## TASK TO CARRY OUT:
Each line of the data must reappear exactly in your answer, with no images included.

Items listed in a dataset
━━━━━━━━━━━━━━━━
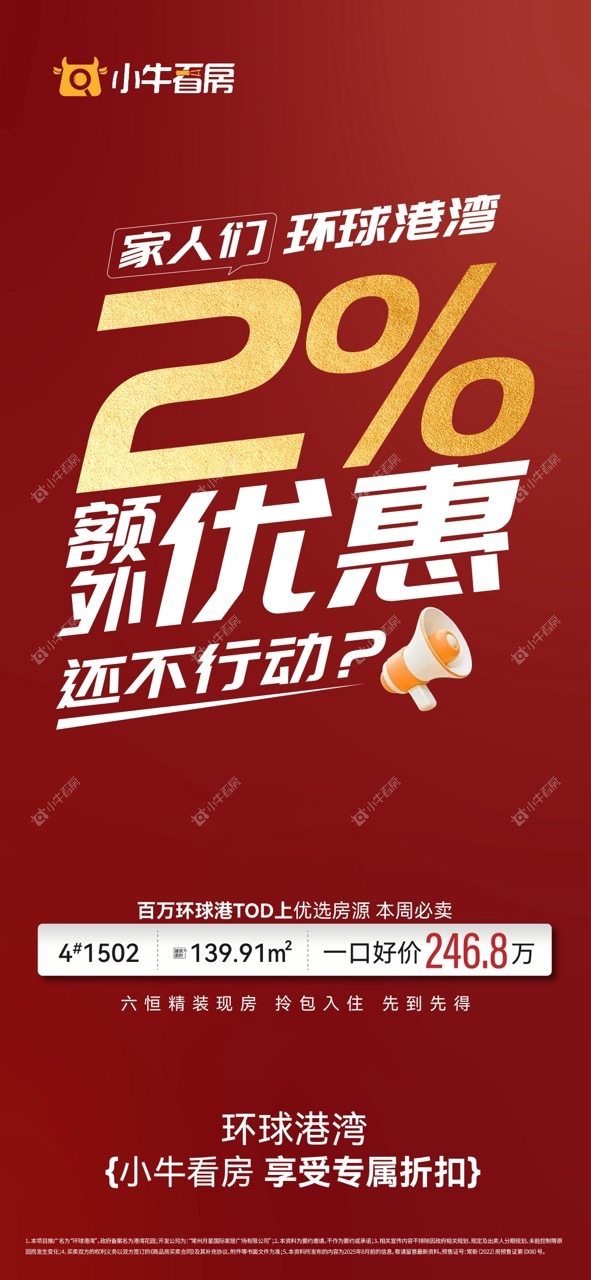 项目优惠盛夏宠粉 惊爆让利 六恒科技精装现房 新政补贴蕞高20万 拎包入住 小牛看房客户享额外1%优惠 买环球港湾,享优惠,找小牛看房
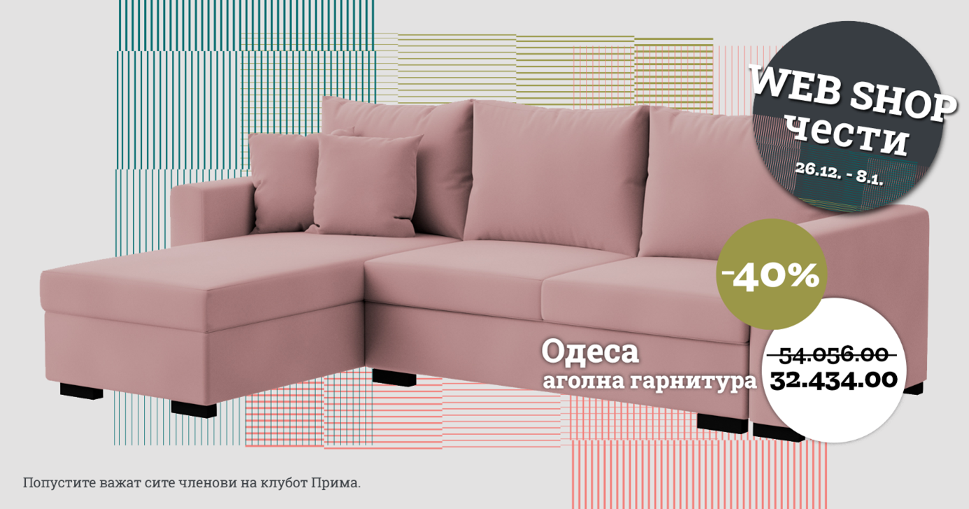 Започнете ја годината во уште поубав дом. Искористете ја акцијата на нашиот web-shop од 30 до 40 проценти на тапацираните гарнитури, како и исклучително поволните цени на издвоени артикли. Прима.
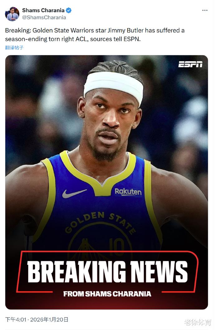 在主场对战老东家迈阿密热火的比赛中,巴特勒在第三节一次对抗中右膝重伤离场,而根据最新消息其伤情已被确诊为右膝前十字韧带撕裂,宣布赛季报销
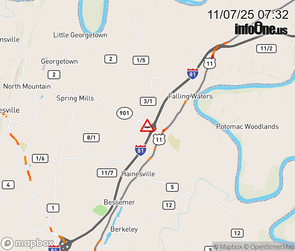 Vehicle Crash on WV-901 (5300 Hammonds Mill Road). The eastbound road is closed. Updated: Fri 11/7/25 7:32 AM EST ![]() Updated: Fri 11/7/25 7:32 AM EST |
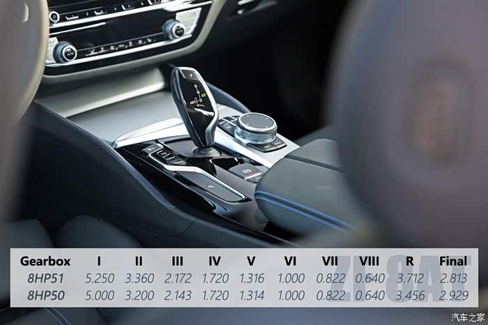 从之前的8HP50到今天的8HP51,工程师适度降低了主减速比,理论上是为了更好地照顾燃油经济性。与此同时,1挡、2挡和3挡齿比有所增加,于是前2个挡位的总传动比反而略微提高,以此保证中低速下的动力性能。官方数据也支持这一点,同样是530i,同样的发动机账面参数,B48TU+8HP51的0-100km/h加速时间比B48+8HP50快了0.1s。从4挡往上,8HP51的齿比几乎没有调整,2-3挡和3-4挡齿比落差比以前大了一些。通过这种方式,新的变速箱实现了更大的速比范围,从7.8增加到8.2。
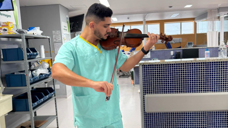 O projeto é desenvolvido pelo médico Joasly Belacusa, que também é violinista. Ele leva o instrumento à unidade e faz apresentações em áreas comuns e próximas aos leitos, envolvendo pacientes, equipes de enfermagem, médicos e demais profissionais. A proposta é utilizar a música como recurso de acolhimento, promovendo conforto e leveza no ambiente hospitalar.
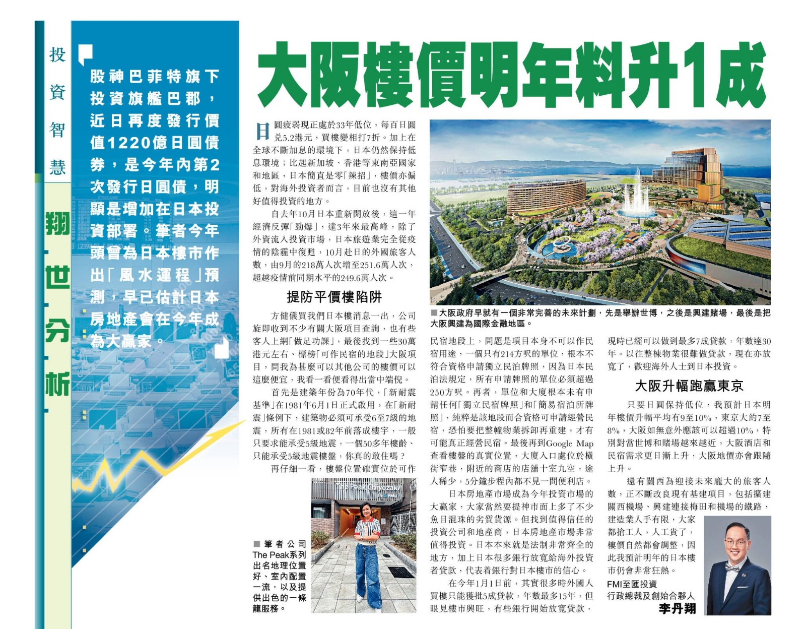 《星島日報投資王周刊》專欄「翔世分析」 —明年大阪樓價升幅或達10%
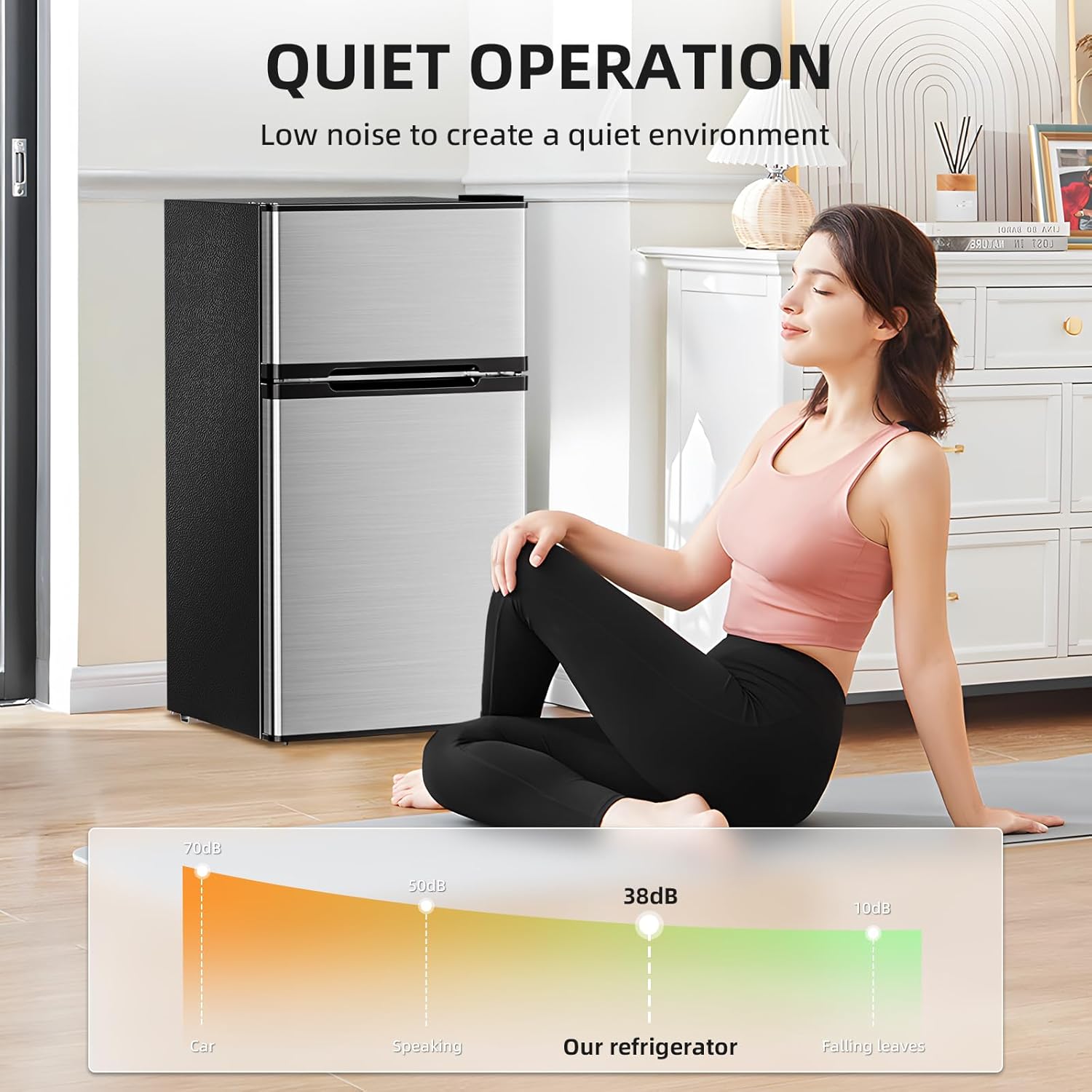 Energy-Efficient & Quiet Operation: Designed with advanced cooling technology, this mini fridge operates efficiently while consuming minimal electricity, helping you save on energy bills. The compressor runs quietly, producing low noise levels that won't disturb your work, study, or sleep—ideal for bedrooms, offices, and dorms. Simply place it in a well-ventilated area away from heat sources, and follow the energy-saving tips (like cooling hot foods before storage) to maximize efficiency.
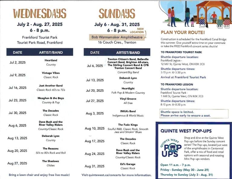 Bring a lawn chair or blanket. Please note concerts are weather permitting and subject to change without notice.
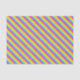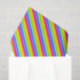 Papel de envoltura de regalo de tejidos con tiras de arcoiris coloridas ideal para envolver regalos especiales de cumpleaños u otras ocasiones. El envolvimiento presenta un audaz patrón de rayas repetidas en color rosa, púrpura, naranja, amarillo, verde y azul sobre un papel tisular. Diseño de Sarah Trett.
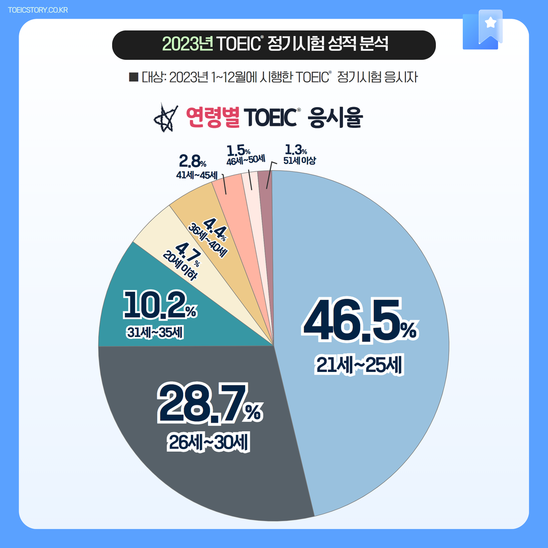 2023년 토익 응시 연령 비율 1위 21세~25세
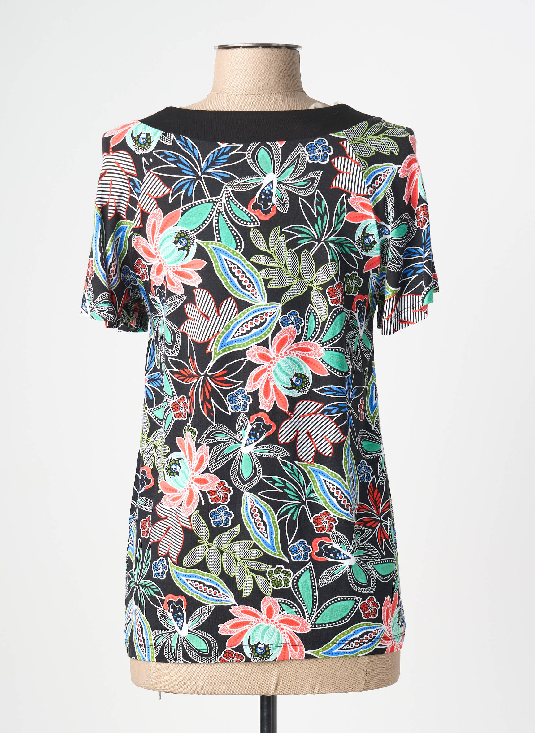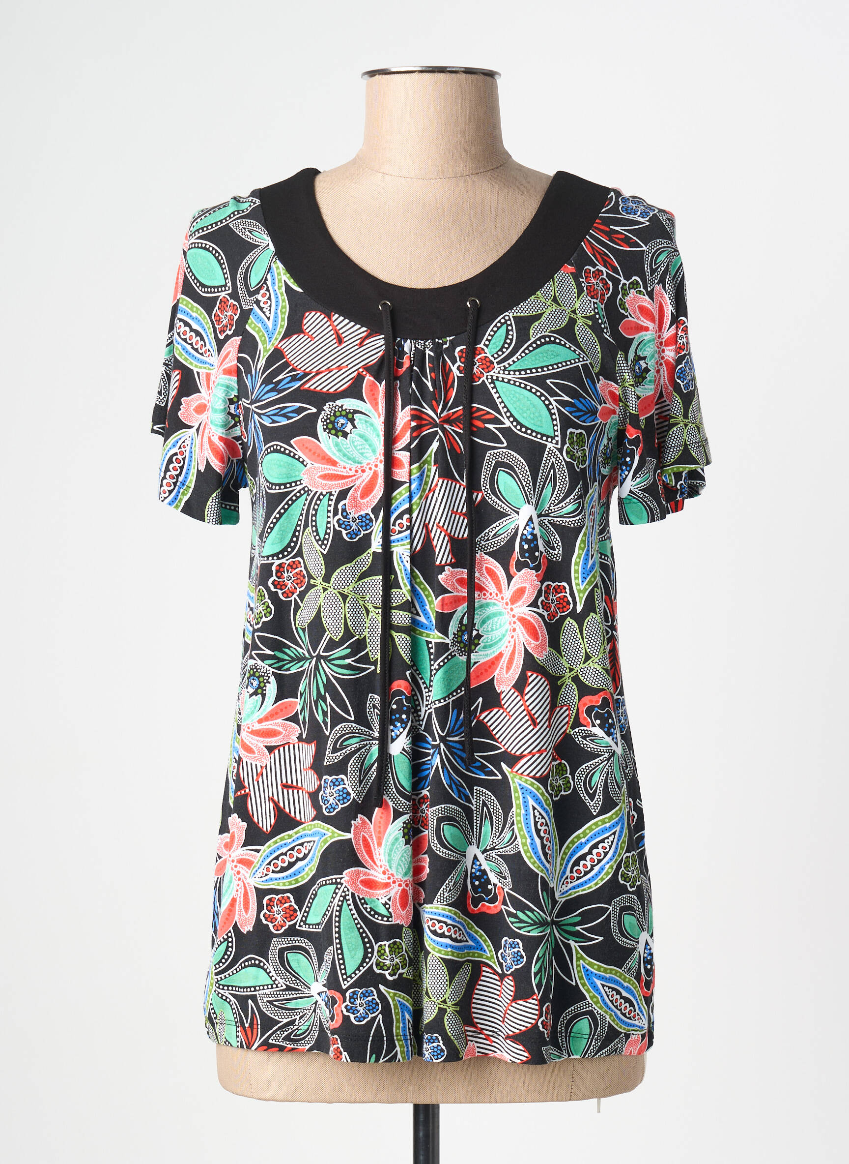 Profitez d’un vrai bon plan avec ce T-shirt femme de la marque CHRISTINE LAURE, qui allie élégance et petits prix. Son imprimé floral coloré apporte une touche de fraîcheur à votre tenue, tandis que l’encolure ronde rehaussée d’un détail lien ajoute une note moderne et féminine. Ce modèle offre un tombé confortable et une coupe facile à vivre, parfait pour dynamiser votre dressing à moindre coût.
━━━━━━━━━━━━━━━━
## SOLUTION TO THE PROBLEM:
 项目优惠盛夏宠粉 惊爆让利 六恒科技精装现房 新政补贴蕞高20万 拎包入住 小牛看房客户享额外1%优惠 买环球港湾,享优惠,找小牛看房
 Започнете ја годината во уште поубав дом. Искористете ја акцијата на нашиот web-shop од 30 до 40 проценти на тапацираните гарнитури, како и исклучително поволните цени на издвоени артикли. Прима.
 在主场对战老东家迈阿密热火的比赛中,巴特勒在第三节一次对抗中右膝重伤离场,而根据最新消息其伤情已被确诊为右膝前十字韧带撕裂,宣布赛季报销
 Vehicle Crash on WV-901 (5300 Hammonds Mill Road). The eastbound road is closed. Updated: Fri 11/7/25 7:32 AM EST ![]() Updated: Fri 11/7/25 7:32 AM EST |
 从之前的8HP50到今天的8HP51,工程师适度降低了主减速比,理论上是为了更好地照顾燃油经济性。与此同时,1挡、2挡和3挡齿比有所增加,于是前2个挡位的总传动比反而略微提高,以此保证中低速下的动力性能。官方数据也支持这一点,同样是530i,同样的发动机账面参数,B48TU+8HP51的0-100km/h加速时间比B48+8HP50快了0.1s。从4挡往上,8HP51的齿比几乎没有调整,2-3挡和3-4挡齿比落差比以前大了一些。通过这种方式,新的变速箱实现了更大的速比范围,从7.8增加到8.2。
 O projeto é desenvolvido pelo médico Joasly Belacusa, que também é violinista. Ele leva o instrumento à unidade e faz apresentações em áreas comuns e próximas aos leitos, envolvendo pacientes, equipes de enfermagem, médicos e demais profissionais. A proposta é utilizar a música como recurso de acolhimento, promovendo conforto e leveza no ambiente hospitalar.
 《星島日報投資王周刊》專欄「翔世分析」 —明年大阪樓價升幅或達10%
 Energy-Efficient & Quiet Operation: Designed with advanced cooling technology, this mini fridge operates efficiently while consuming minimal electricity, helping you save on energy bills. The compressor runs quietly, producing low noise levels that won't disturb your work, study, or sleep—ideal for bedrooms, offices, and dorms. Simply place it in a well-ventilated area away from heat sources, and follow the energy-saving tips (like cooling hot foods before storage) to maximize efficiency.
 Bring a lawn chair or blanket. Please note concerts are weather permitting and subject to change without notice.
 Papel de envoltura de regalo de tejidos con tiras de arcoiris coloridas ideal para envolver regalos especiales de cumpleaños u otras ocasiones. El envolvimiento presenta un audaz patrón de rayas repetidas en color rosa, púrpura, naranja, amarillo, verde y azul sobre un papel tisular. Diseño de Sarah Trett.
 2023년 토익 응시 연령 비율 1위 21세~25세
 Profitez d’un vrai bon plan avec ce T-shirt femme de la marque CHRISTINE LAURE, qui allie élégance et petits prix. Son imprimé floral coloré apporte une touche de fraîcheur à votre tenue, tandis que l’encolure ronde rehaussée d’un détail lien ajoute une note moderne et féminine. Ce modèle offre un tombé confortable et une coupe facile à vivre, parfait pour dynamiser votre dressing à moindre coût.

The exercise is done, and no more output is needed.